3

I am fairly new to Great Expectations - and have a question. Essentially I have a PostgreSQL database, and every time I run my data pipeline, i want to validate a specific subset of the PostgreSQL table based off some key. Eg: If the data pipeline is run every day, the would be a field called current_batch. And the validation would occur for the below query:

SELECT * FROM jobs WHERE current_batch = <input_batch>.

I am unsure the best way to complete this. I am a using v3-api of great expectations and am a bit confused as to whether to use a checkpoint, or a validator. I assume I want to use a checkpoint but I can't seem to figure out how to create a checkpoint, but then only validate a specific subset of the PostgreSQL datasource.

Any help or guidance would be much appreciated.

Thanks,

adan11
  • 647
  • 1
  • 7
  • 24

4 Answers4

1

I completely understand your confusion because I am working with GE too and the documentation is not really clear.

First of all "Validators" are now called "Checkpoints", so they are not a different entity, as you can read here.

I am working on an Oracle database and the only way I found to apply a query before testing my data with expectations is to put the query inside the checkpoint.

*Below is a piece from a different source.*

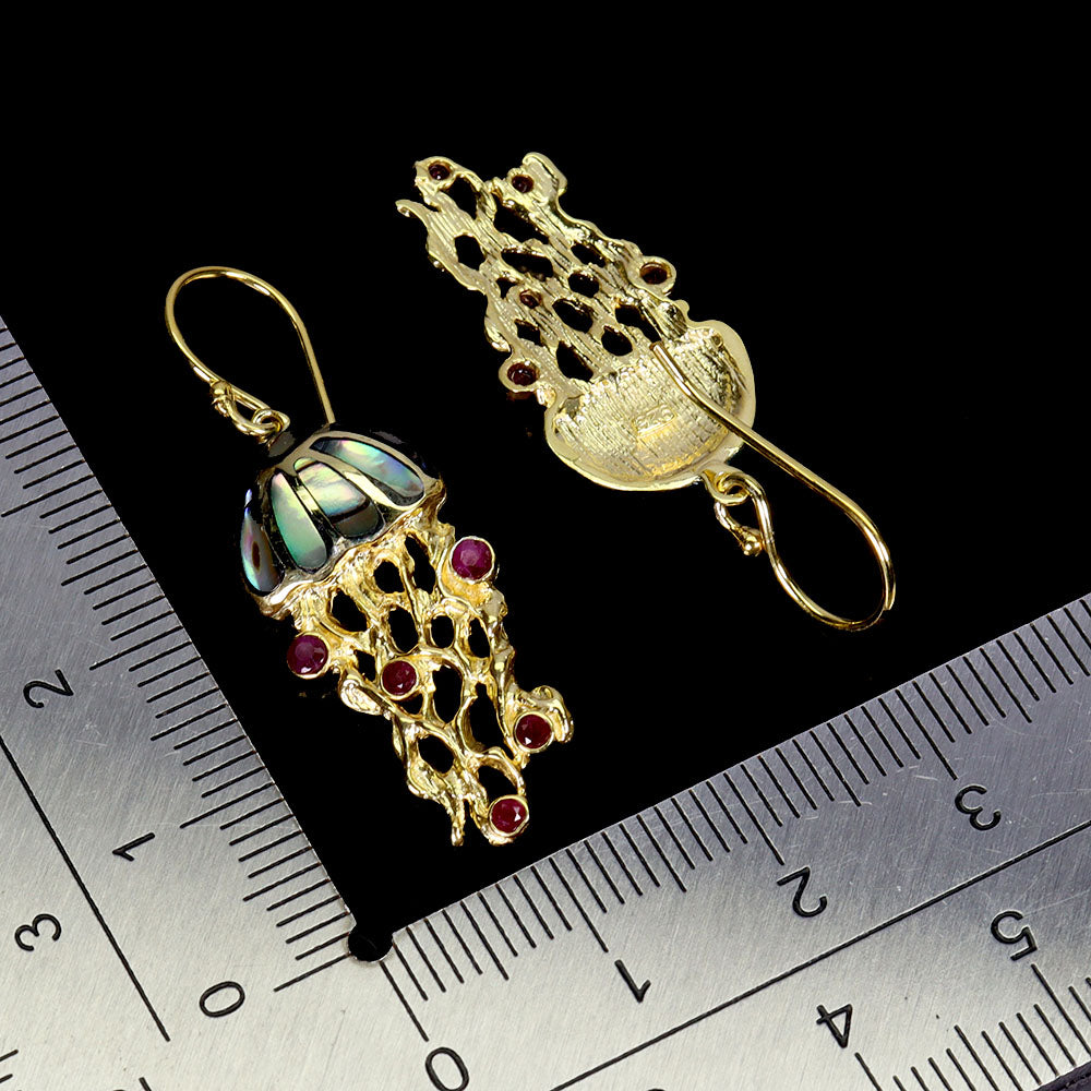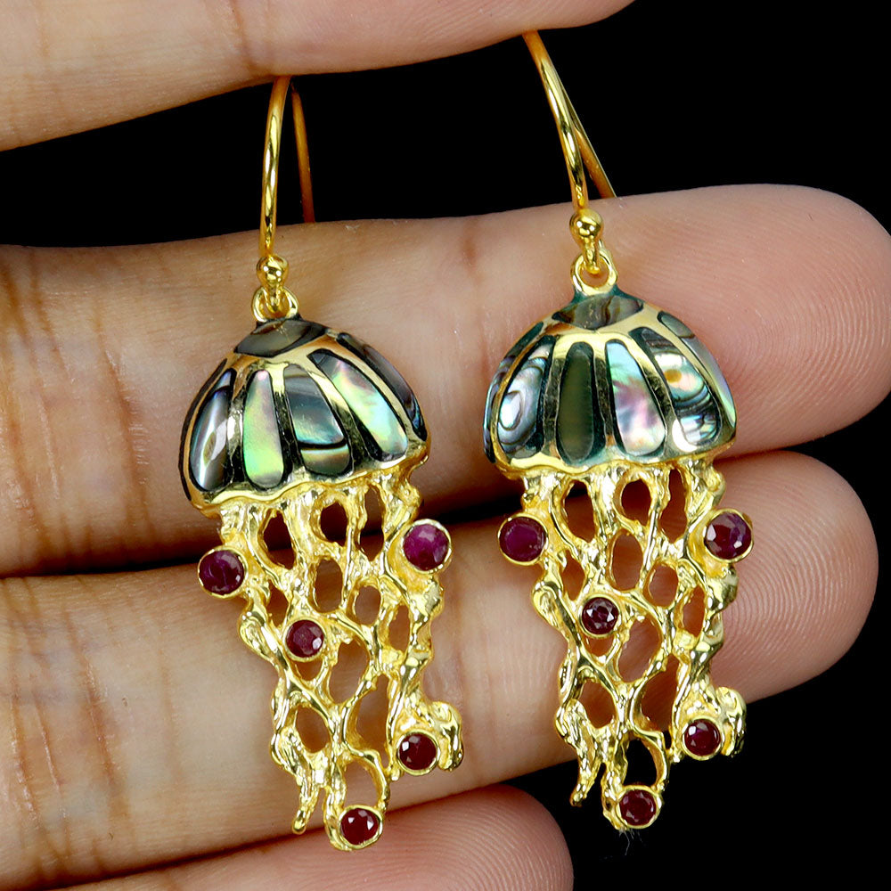 925 Sterling Silver Earrings Round Ruby Mop Jellyfish Gemstone Jewelry

To create a checkpoint you should run the great_expectations checkpoint new command from your terminal. After creating it, you should add the "query" field inside the .yml file that is your checkpoint.

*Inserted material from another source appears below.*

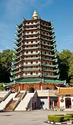 Buddhism is the second largest religion in Malaysia, after Islam, with 18.7% of Malaysia's population being Buddhist,[1][2] although some estimates put that figure at 21.6% when combining estimates of numbers of Buddhists with figures for adherents of Chinese religions which incorporate elements of Buddhism.[3] Buddhism in Malaysia is mainly practised by the ethnic Malaysian Chinese, but there are also Malaysian Siamese, Malaysian Sri Lankans and Burmese in Malaysia that practice Buddhism such as Ananda Krishnan and K. Sri Dhammananda and a sizeable population of Malaysian Indians.
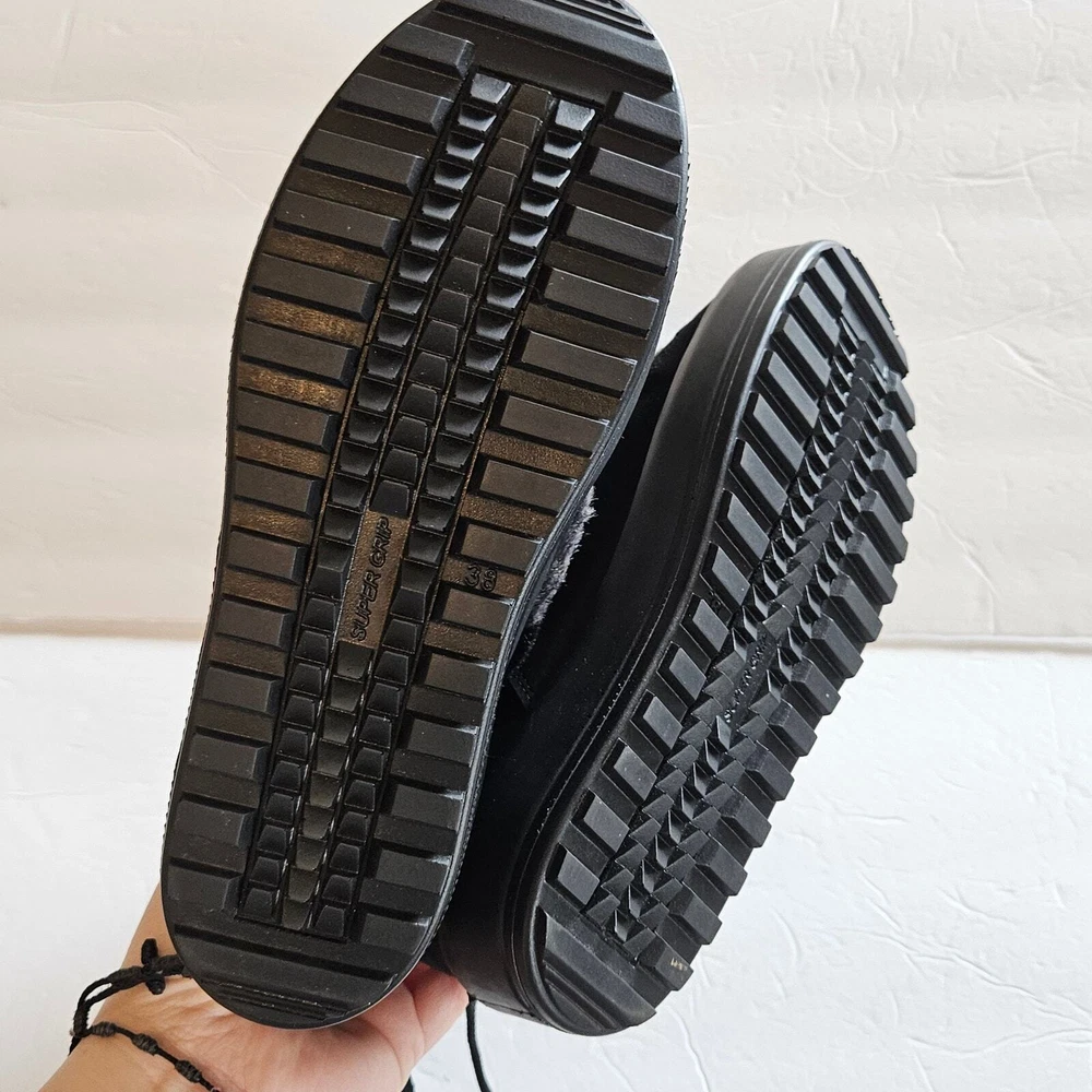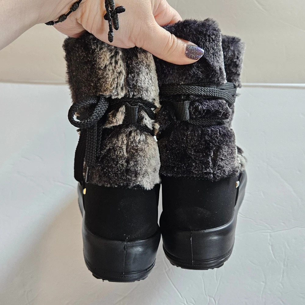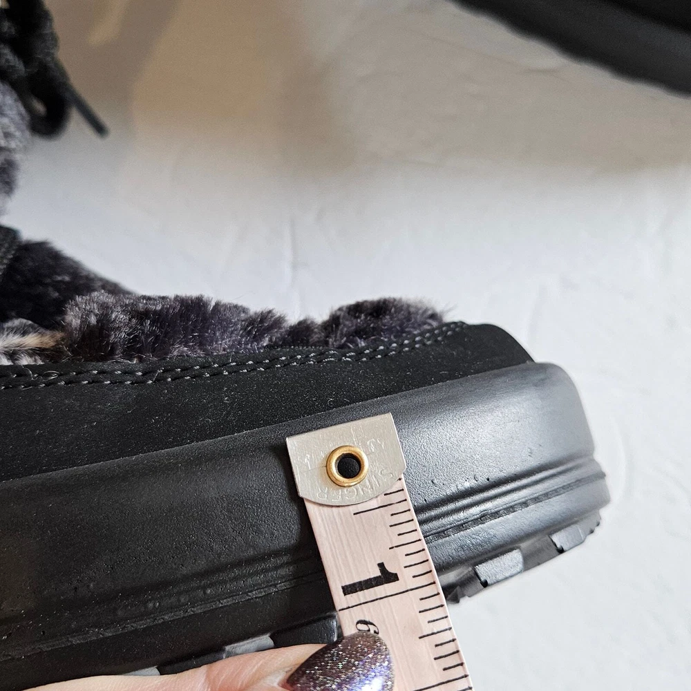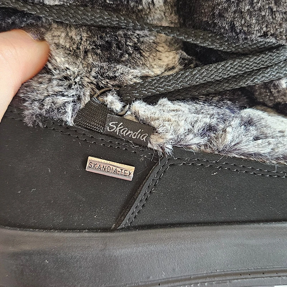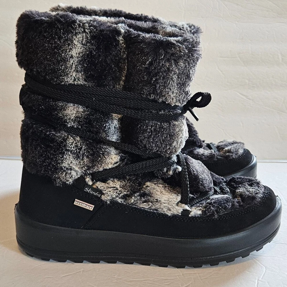 Skandia Faux Fur Lace Up Boot Super Grip Women's EU 38 Winter For unquestionable chic style from the slopes to the city, slip on the Skandia Boots for a delightfully warm and stylish trek through the snow. Skandia-Tex Super Grip bottoms Shearling lining Lace up around the ankle Colors - Black gray Women's EU 38 Heel is about 1.5" with a 1" platform Excellent pre-owned condition, no rips, tears or stains. Looks unworn. Smoke free, dog friendly home. chic unique winter wardrobe comfort warmth ski

Below you can see a snippet of a checkpoint I am working with. When I want to validate my data, I run the command great_expectations checkpoint run check1

name: check1
module_name: great_expectations.checkpoint
class_name: LegacyCheckpoint
batches:
  - batch_kwargs:
      table: pso
      schema: test
      query: SELECT p AS c,

             [ ... ]

       AND    lsr = c)

      datasource: my_database
      data_asset_name: test.pso

    expectation_suite_names:
      - exp_suite1

Hope this helps! Feel free to ask if you have any doubts :)

Lorenzo
  • 180
  • 8
  • 1
    Isn't your answer based on V2 though? From what I see the way to initialize v3 Checkpoint is `great_expectations --v3-api checkpoint new my_checkpoint` – sirVir Nov 15 '21 at 11:55
  • 1
    Yes, you are righ, but it works the same way. I tried with both the commands and the results are identical. @sirVir – Lorenzo Nov 24 '21 at 10:37
1

for current GE V3 API your checkpoint config file with SQL SELECT might look like this, tested for GE v0.16.1: (example for snowflake, \n in SQL due to conversion from multiline python variable)

name: trial.sf_chkpoint
config_version: 1.0
template_name:
module_name: great_expectations.checkpoint
class_name: Checkpoint
run_name_template: Full
expectation_suite_name:
batch_request: {}
action_list:
  - name: store_validation_result
    action:
      class_name: StoreValidationResultAction
  - name: store_evaluation_params
    action:
      class_name: StoreEvaluationParametersAction
  - name: update_data_docs
    action:
      class_name: UpdateDataDocsAction
evaluation_parameters: {}
runtime_configuration: {}
validations:
  - batch_request:
      datasource_name: sflake_trial
      data_connector_name: default_runtime_data_connector_name
      data_asset_name: DW.table_name
      runtime_parameters:
        query: "\nSELECT * \nfrom testdb.public.customer_demographics \nLIMIT 10000\n"
      batch_identifiers:
        default_identifier_name: default_identifier
    expectation_suite_name: trial.sf
profilers: []
ge_cloud_id:
expectation_suite_ge_cloud_id:
alex
  • 11
  • 3
0

I managed this using Views (in Postgres). Before running GE, I create (or replace the existing) view as a query with all necessary joins, filtering, aggregations, etc. And then specify the name of this view in GE checkpoints.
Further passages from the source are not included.